Extracted data entries
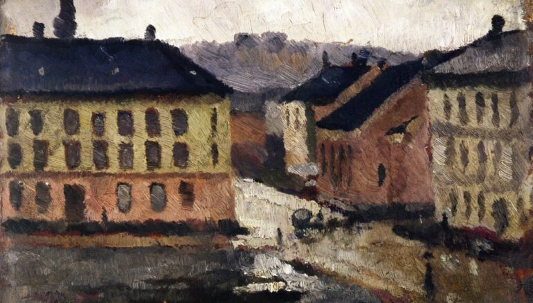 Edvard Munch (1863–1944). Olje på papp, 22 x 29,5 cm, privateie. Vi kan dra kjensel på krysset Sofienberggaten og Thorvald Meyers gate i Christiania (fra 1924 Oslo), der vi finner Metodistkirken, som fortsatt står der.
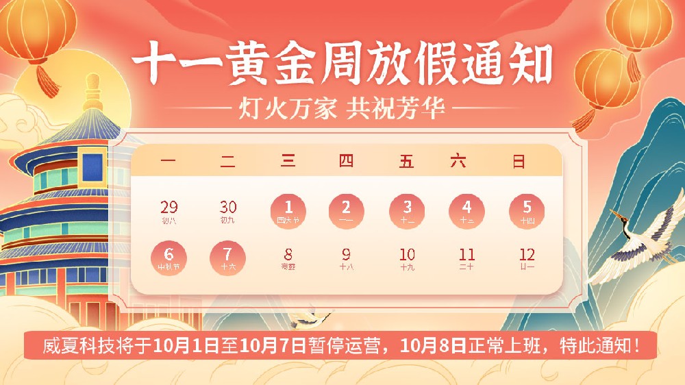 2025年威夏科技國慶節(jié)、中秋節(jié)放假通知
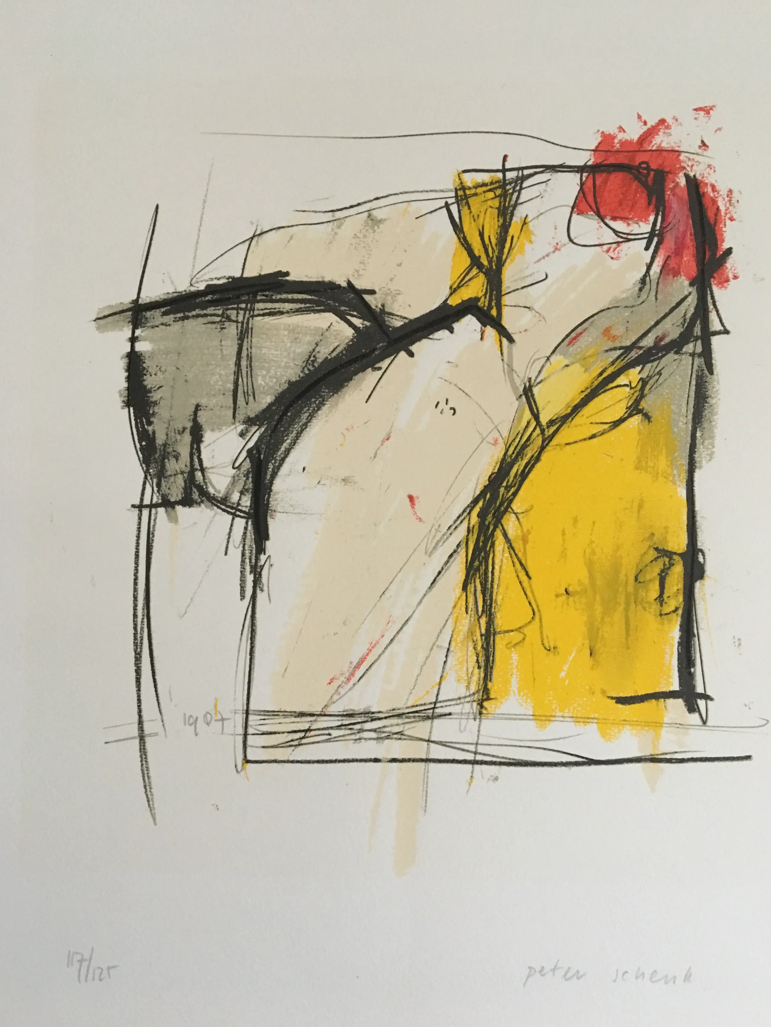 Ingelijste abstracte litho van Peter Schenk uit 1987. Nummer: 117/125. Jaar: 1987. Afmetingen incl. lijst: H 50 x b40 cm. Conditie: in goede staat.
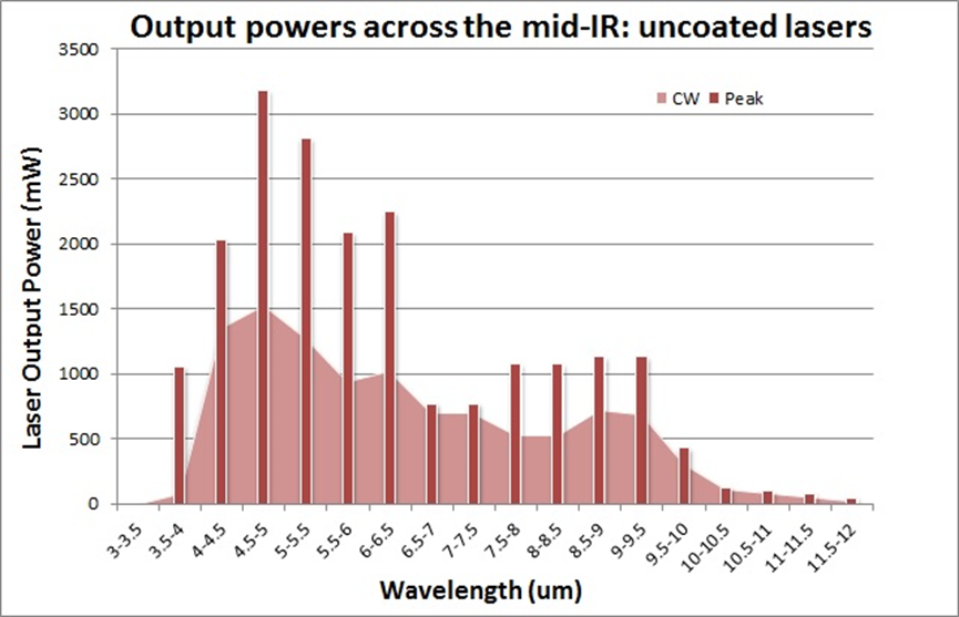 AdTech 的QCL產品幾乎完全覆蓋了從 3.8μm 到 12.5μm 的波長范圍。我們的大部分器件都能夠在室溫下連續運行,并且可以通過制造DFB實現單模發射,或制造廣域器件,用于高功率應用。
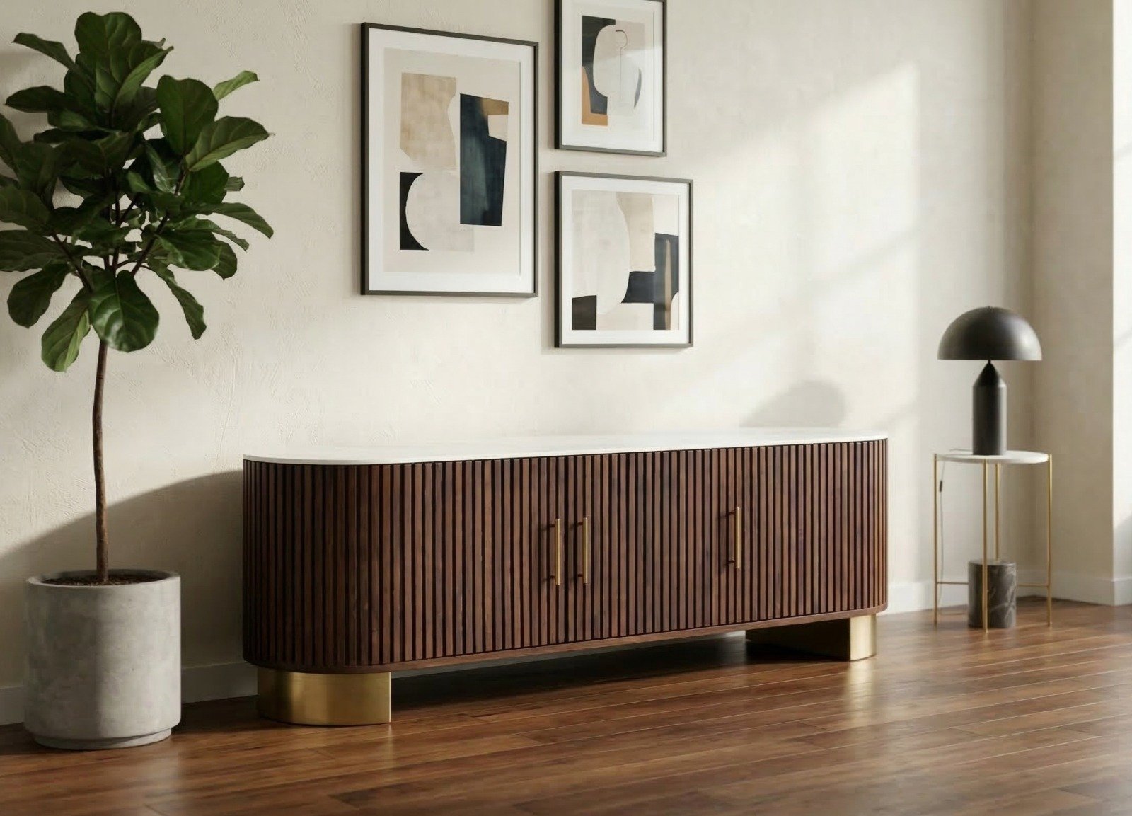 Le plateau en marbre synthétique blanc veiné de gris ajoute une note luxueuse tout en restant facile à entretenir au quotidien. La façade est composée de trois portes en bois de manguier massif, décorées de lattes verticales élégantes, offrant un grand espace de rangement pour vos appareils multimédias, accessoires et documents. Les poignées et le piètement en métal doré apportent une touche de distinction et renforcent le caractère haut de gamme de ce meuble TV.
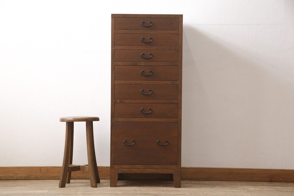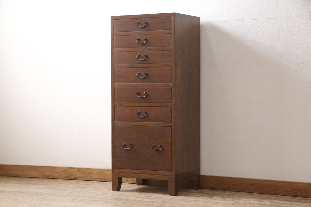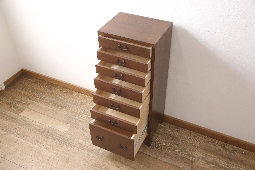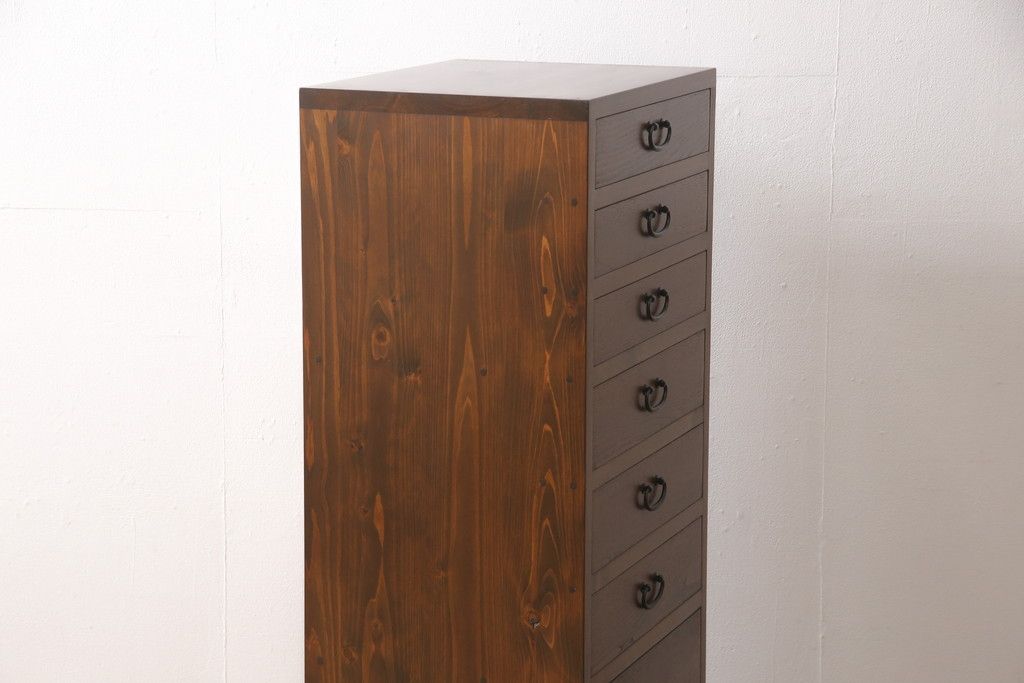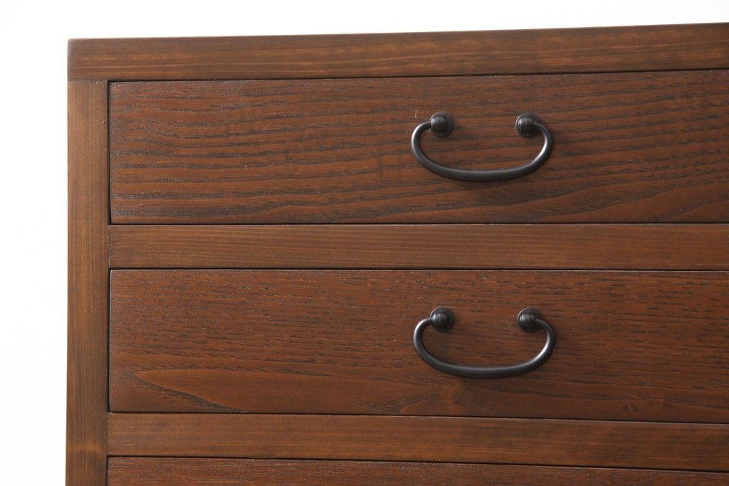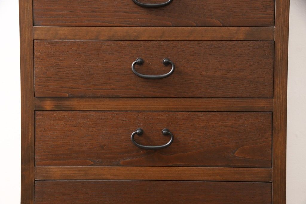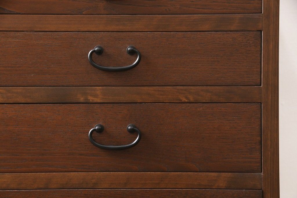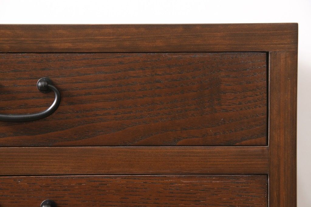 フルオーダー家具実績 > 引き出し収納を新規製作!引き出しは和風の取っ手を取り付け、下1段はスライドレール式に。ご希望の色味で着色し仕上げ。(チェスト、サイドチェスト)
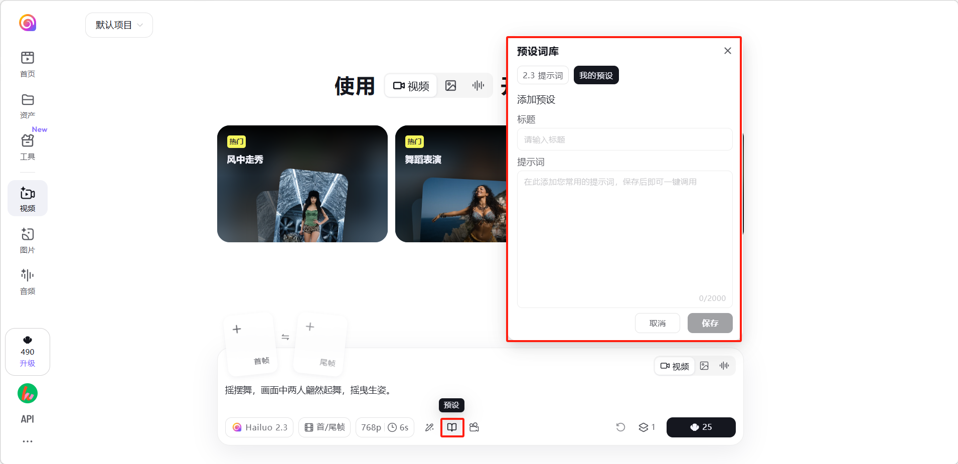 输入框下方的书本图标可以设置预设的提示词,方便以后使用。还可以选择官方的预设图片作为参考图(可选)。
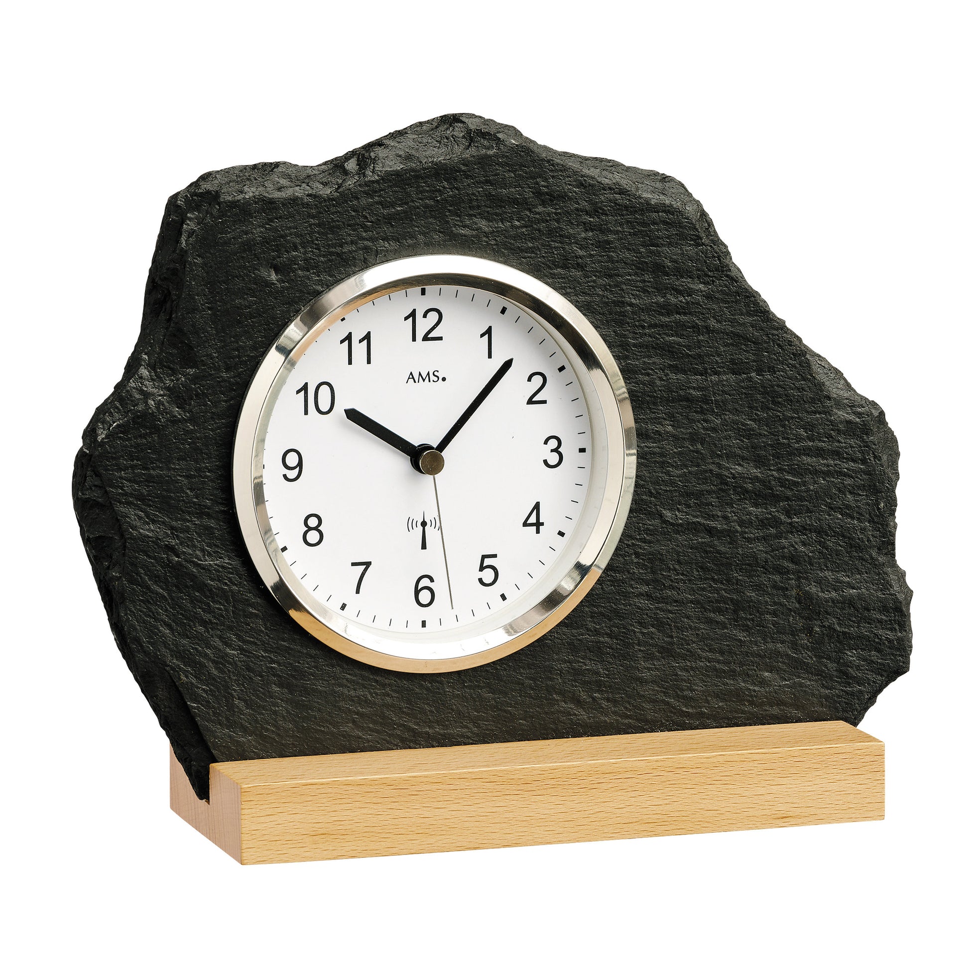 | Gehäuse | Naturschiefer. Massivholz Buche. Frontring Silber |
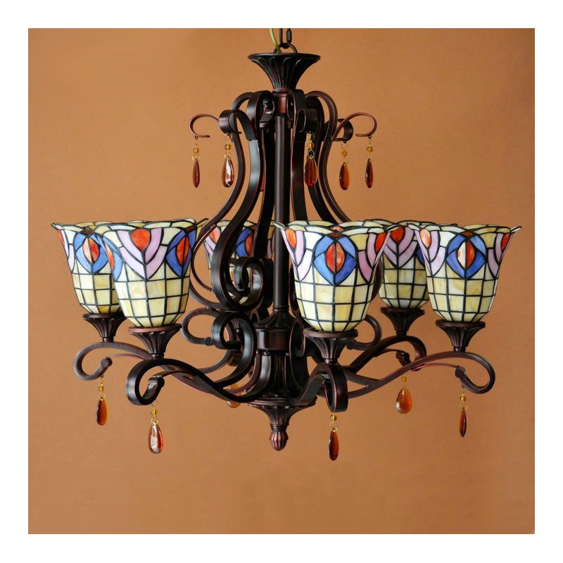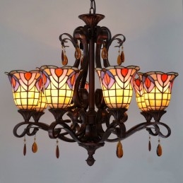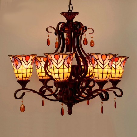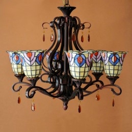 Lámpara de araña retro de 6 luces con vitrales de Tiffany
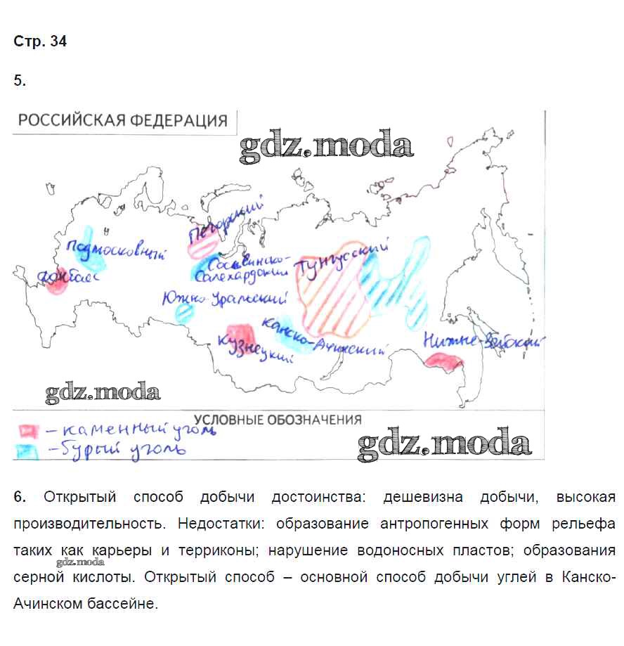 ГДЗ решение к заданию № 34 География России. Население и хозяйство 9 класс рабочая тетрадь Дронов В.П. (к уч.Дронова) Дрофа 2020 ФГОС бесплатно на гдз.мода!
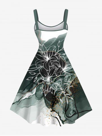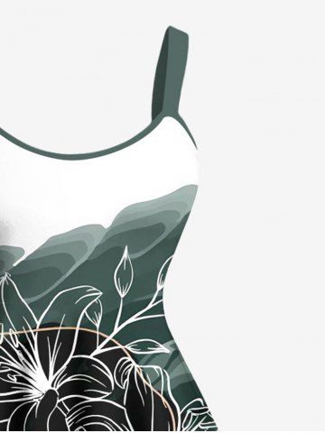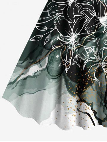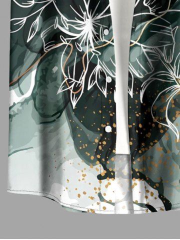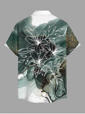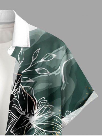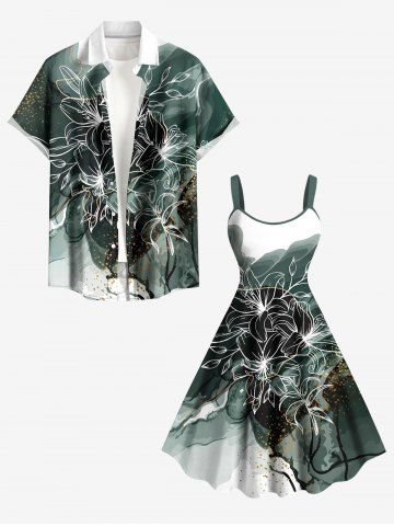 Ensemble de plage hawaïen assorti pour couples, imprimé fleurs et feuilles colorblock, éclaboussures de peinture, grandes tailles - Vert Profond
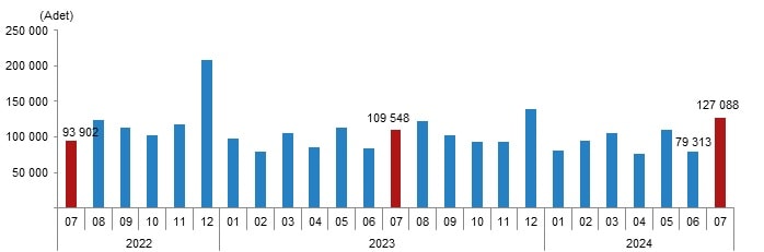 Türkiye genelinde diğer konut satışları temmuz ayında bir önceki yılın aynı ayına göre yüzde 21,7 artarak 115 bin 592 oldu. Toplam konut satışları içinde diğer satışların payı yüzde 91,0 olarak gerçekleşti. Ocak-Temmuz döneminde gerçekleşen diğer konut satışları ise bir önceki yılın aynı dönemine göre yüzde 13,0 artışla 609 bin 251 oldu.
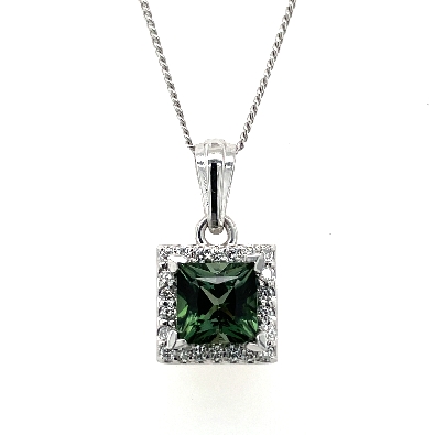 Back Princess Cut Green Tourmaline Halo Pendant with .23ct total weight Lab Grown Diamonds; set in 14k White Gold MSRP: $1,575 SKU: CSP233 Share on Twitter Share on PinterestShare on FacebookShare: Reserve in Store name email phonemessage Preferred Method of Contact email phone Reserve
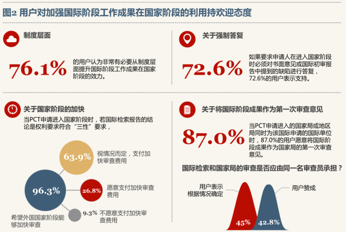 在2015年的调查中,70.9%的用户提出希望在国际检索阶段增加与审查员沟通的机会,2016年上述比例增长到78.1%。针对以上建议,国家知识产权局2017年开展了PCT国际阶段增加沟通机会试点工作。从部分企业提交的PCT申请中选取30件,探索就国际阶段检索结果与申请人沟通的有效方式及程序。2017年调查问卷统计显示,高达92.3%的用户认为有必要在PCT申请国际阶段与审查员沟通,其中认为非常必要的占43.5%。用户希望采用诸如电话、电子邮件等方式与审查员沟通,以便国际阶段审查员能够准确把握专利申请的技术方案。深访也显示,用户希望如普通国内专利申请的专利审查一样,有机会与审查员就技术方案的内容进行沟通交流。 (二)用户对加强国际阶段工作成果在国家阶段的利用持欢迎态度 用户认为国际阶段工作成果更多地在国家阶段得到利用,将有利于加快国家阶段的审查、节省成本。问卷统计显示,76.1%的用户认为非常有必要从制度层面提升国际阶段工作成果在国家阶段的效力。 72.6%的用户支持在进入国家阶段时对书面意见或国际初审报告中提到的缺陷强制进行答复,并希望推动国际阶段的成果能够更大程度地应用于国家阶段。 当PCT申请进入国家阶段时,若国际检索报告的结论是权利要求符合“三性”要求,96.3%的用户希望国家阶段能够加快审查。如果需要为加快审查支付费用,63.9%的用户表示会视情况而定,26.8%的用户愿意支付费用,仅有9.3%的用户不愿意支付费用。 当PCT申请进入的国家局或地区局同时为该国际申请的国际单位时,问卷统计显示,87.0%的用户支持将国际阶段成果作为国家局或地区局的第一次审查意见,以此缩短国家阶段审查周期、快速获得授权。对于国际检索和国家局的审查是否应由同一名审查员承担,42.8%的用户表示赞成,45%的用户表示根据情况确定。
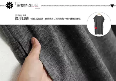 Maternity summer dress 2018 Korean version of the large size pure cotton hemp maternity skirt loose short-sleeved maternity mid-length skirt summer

- Problem requirements
Skip every picture. Repeat word for word the lines from the line holding "Back Princess Cut" through the end of the entries above.

- Solution to the exercise
 Back Princess Cut Green Tourmaline Halo Pendant with .23ct total weight Lab Grown Diamonds; set in 14k White Gold MSRP: $1,575 SKU: CSP233 Share on Twitter Share on PinterestShare on FacebookShare: Reserve in Store name email phonemessage Preferred Method of Contact email phone Reserve
 在2015年的调查中,70.9%的用户提出希望在国际检索阶段增加与审查员沟通的机会,2016年上述比例增长到78.1%。针对以上建议,国家知识产权局2017年开展了PCT国际阶段增加沟通机会试点工作。从部分企业提交的PCT申请中选取30件,探索就国际阶段检索结果与申请人沟通的有效方式及程序。2017年调查问卷统计显示,高达92.3%的用户认为有必要在PCT申请国际阶段与审查员沟通,其中认为非常必要的占43.5%。用户希望采用诸如电话、电子邮件等方式与审查员沟通,以便国际阶段审查员能够准确把握专利申请的技术方案。深访也显示,用户希望如普通国内专利申请的专利审查一样,有机会与审查员就技术方案的内容进行沟通交流。 (二)用户对加强国际阶段工作成果在国家阶段的利用持欢迎态度 用户认为国际阶段工作成果更多地在国家阶段得到利用,将有利于加快国家阶段的审查、节省成本。问卷统计显示,76.1%的用户认为非常有必要从制度层面提升国际阶段工作成果在国家阶段的效力。 72.6%的用户支持在进入国家阶段时对书面意见或国际初审报告中提到的缺陷强制进行答复,并希望推动国际阶段的成果能够更大程度地应用于国家阶段。 当PCT申请进入国家阶段时,若国际检索报告的结论是权利要求符合“三性”要求,96.3%的用户希望国家阶段能够加快审查。如果需要为加快审查支付费用,63.9%的用户表示会视情况而定,26.8%的用户愿意支付费用,仅有9.3%的用户不愿意支付费用。 当PCT申请进入的国家局或地区局同时为该国际申请的国际单位时,问卷统计显示,87.0%的用户支持将国际阶段成果作为国家局或地区局的第一次审查意见,以此缩短国家阶段审查周期、快速获得授权。对于国际检索和国家局的审查是否应由同一名审查员承担,42.8%的用户表示赞成,45%的用户表示根据情况确定。
 Maternity summer dress 2018 Korean version of the large size pure cotton hemp maternity skirt loose short-sleeved maternity mid-length skirt summer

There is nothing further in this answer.